Celastrina iynteana, the Jyntea hedge blue, is a small butterfly found in India that belongs to the lycaenids or blues family.

==Description==
Male upperside: purplish blue or lilac of a deeper shade than in C. dilecta. Forewing: a much broader dusky-black terminal margin that widens at apex and is somewhat diffuse along its inner edge. In specimens of the dry-season brood there is a diffuse but prominent discal white patch. Hindwing: costa dusky brownish; termen with a comparatively narrow black border edged on the inner side by a more or less obscure subterminal series of black spots, each spot centred in a background which is slightly paler than the lilac ground colour.
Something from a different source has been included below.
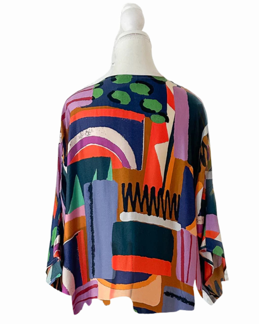 Electric Patchwork Short Kimono – Abstract Colour Block Cotton Muslin Jacket
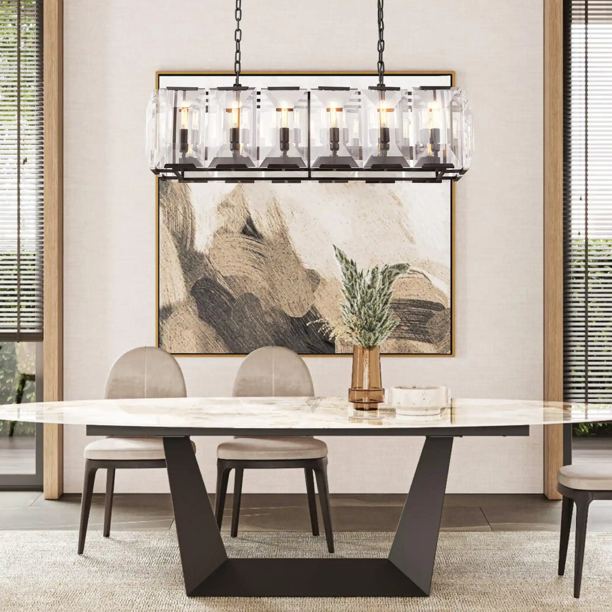 Herlow Crystal Rectangle Chandelier Elegant Ceiling Light Fixture for Dining Room

Underside: pale greyish white or bluish white, with the usual pale brown markings which are small, delicate and regular. Antenna, head, thorax and abdomen blackish brown, antennae ringed with white; beneath: palpi, thorax and abdomen white.

Female: "Upperside fore wing: all but the middle of the disc (which is white glossed with iridescent blue black; a discocellular black spot. Hind wing: blackish; white in the middle glossed with blue; along the veins irrorated with black scales; a submarginal series of pale lunules. Underside: both wings marked exactly as in the male." (de Nicéville)

==Taxonomy==
The butterfly was earlier known as Lycaenopsis jynteana (de Nicéville).

==Range==
It is found from Sikkim in India to Dawnas.